In Michigan there isn’t currently a statute that addresses sexting; offenses involving the possession, creation or distribution of sexually explicit materials involving teens (often minors under the age of 18) may be prosecuted under child pornography laws. Ultimately, a teen who’s 14, 15, 16 or 17 years old could face felony charges and face prison time if convicted. Even worse, the teen may be required to register as a sex offender which will directly impact almost every area of his or her life in the future including employment, housing, certain legal rights and more.

Parents, principals and others have become extremely concerned about sexting and the dangers involved in what has become a very common crime, although most teens don’t think of it as a criminal offense. With technology readily available at every turn and smart phones in almost every teen’s hand it is critical that parents and other adults not only discuss the legal dangers, but approach the topic of sex as well.

Sex is a natural, normal part of life that we become aware of at a young age. Teenagers (and even pre-teens) are naturally curious; they have many questions, and by having open, honest discussions with teens rather than shying away from the topic it could be beneficial in a number of ways. When you don’t avoid the topic, kids aren’t so curious. To whatever extent you talk about sex-related topics and sexting, be sure to warn your teens about receiving, sending or sharing any information, photo or other content that’s of a sexual nature and how it could result in criminal charges.

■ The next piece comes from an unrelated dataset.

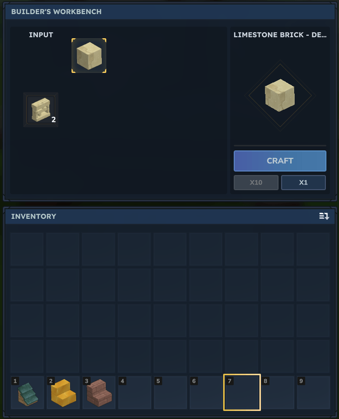 Отказ от ответственности: В некоторых случаях, особенно с деревом, некоторые крафты могут быть «неправильными», но это не наша вина, это связано с ограничениями игры. Например, если мы используем Amber Trunk на скамейке строителей, мы получим Goldenwood, но если мы попытаемся вернуться к Amber Trunk из продукта, мы вместо этого получим Sallow Trunk.

Child pornography laws were created to protect children; ironically these are the same laws that may be used to prosecute and convict minors today for “sexting,” basically texting any content of a sexual nature using a smart phone or other electronic device. The top priority in a sexting case involving a teen is to have charges dismissed. When this isn’t a reasonable option it may be possible to have charges reduced, and to explore HYTA or other sentencing options.

Parents and others in an authority position – talk to teens about the very real dangers of sexting. You may help prevent legal and psychological consequences.